Now, on to spoken Arabic, which is where it gets complicated and tricky.  First of all, you need to bear in mind that written Arabic and spoken Arabic are extremely different.  That is, there are many speakers of Arabic who really don't know the written languages very well, and many foreign learners of the language who learn the standard language but don't know the spoken language.  The difference is huge.  Let me give you an example:

Conjugation of the verb "to eat" in the present tense:

STANDARD ARABIC: 

ana akulu (I eat)
anta ta'kulu (you - m. eat)
anti ta'kulin (you - f. eat)
huwa ya'kulu (he eats)
hiya ta'kulu (she eats)

antuma ta'kulan (you - dual eat)
huma ya'kulan (they - dual eat)

nahna na'kulu (we eat)
antum ta'kulun (you - m.p. eat)
antunna ta'kulna (you - f.p. eat)
hum ya'kulu (they - m. eat)
hunna ya'kulna (they - f. eat)

COLLOQUIAL PALESTINIAN ARABIC:

ana bakol (I eat)
inteh btokol (you - m. eat)
inti btokli (you - f. eat)
huwweh bokol (he eats)
hiyyeh btokol (she eats)

ihna mnokol (we eat)
intu btoklu (you - p. eat)
hummeh/hinneh boklu (they eat)

Notice that not only is the conjugation system very different; many of the personal pronouns simply do not exist in the colloquial version, not even as alternatives.

Now, it gets even trickier because the spoken versions really are very different from each other.  How well you understand various spoken versions (provided you speak one of them) depends on how similar they areto yours and/or how much you've been exposed to them.  Here's an example.  My native languages is Palestinian Arabic.  I understand Jordanian, Syrian, and Lebanese Arabic very well because they are very similar to Palestinian Arabic.  I can also understand Egyptian very well because of geographic proximity and exposure to the language through media.  I can understand Gulf Arabic pretty well, although there are many words I wouldn't understand.  North African Arabic is another story altogether.  I think I can safely say that the amount of what I hear that I don't understand exceeds the amount that I do.  Granted, I'm sure that if I spent a few weeks in one of those countries, I would pick it up relatively fast, but the fact of the matter remains that they are very different - in terms of grammar and structure.  As far as which one is most universal, I don't think it would be the Egyptian one.  On the contrary, it has many peculiarities that other dialects don't have - although I must admit that due to the influence of the media many people are exposed to it, so that might be why you heard it was more universal.  I have been told that the Palestinian dialect is very easy to understand by most other Arabs, and Iraqis claim their dialect is the most similar to classical/standard Arabic, for all that's worth.

Lastly, I want to comment on the variations of "how are you?"  The Syrian one Ayed suggested isn't actually correct.

EGYPTIAN: izayyak?
PALESTINIAN: keef halak?
SYRIAN: shlonak?

These are just 3 of over 25 different possibilities.

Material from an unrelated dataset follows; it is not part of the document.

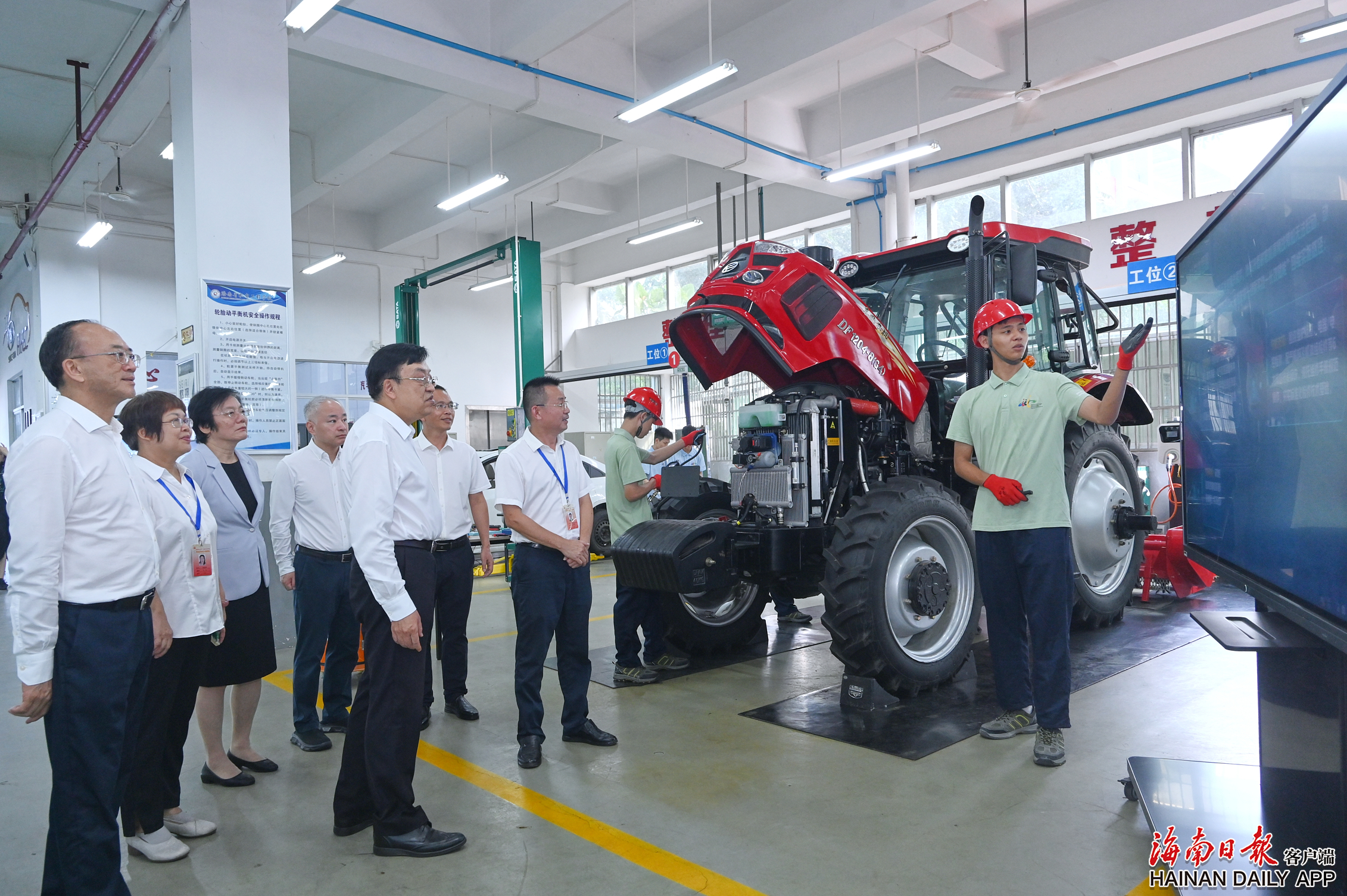 在省机电工程学校(桂林洋校区),冯飞走进汽修中心通用实训基地、汽车钣喷实训中心、丰田汽车校企合作实训基地和中德先进职业教育实训基地,观看实训项目操作演示,了解专业技能人才培养、实训基地建设、“以赛促学、以赛促训、以赛促教”助力学科专业建设以及校企协同育人、产教融合发展等情况。冯飞指出,要立足长远,体现办学特色,打造特色课程,梯队式培养技能人才队伍,同高职教育之间实现差异化发展。要深化产教融合、企校合作,紧盯企业需求和产业技术更新迭代脚步,及时更新优化教学实训内容。要用好自由贸易港开放政策,打造实训基地样板,为加快构建具有海南特色和优势的现代化产业体系提供坚实有力的专业技能人才支撑。

Another example - different variations of the word "now":

al'an (standard)
halla' (Jerusalem)
hal'et (Palestinian, no specific region)
halket (Palestinian, no specific region)
halkete (Palestinian, no specific region)
halheen (Bethlehem)
'issa (Galilee)
dil wa'ti (Egypt)
hassa (Palestinian Bedouin)

These are just some of the ones I know.

Now - as for which version you should learn first.  I think you should start out with the standard version, just to have a basis, but don't expect too much daily utility from it.  Definitely choose a spoken version and study it - it doesn't matter which one; the point is that you won't sound awkward!

Have I answered your questions?  If not please let me know!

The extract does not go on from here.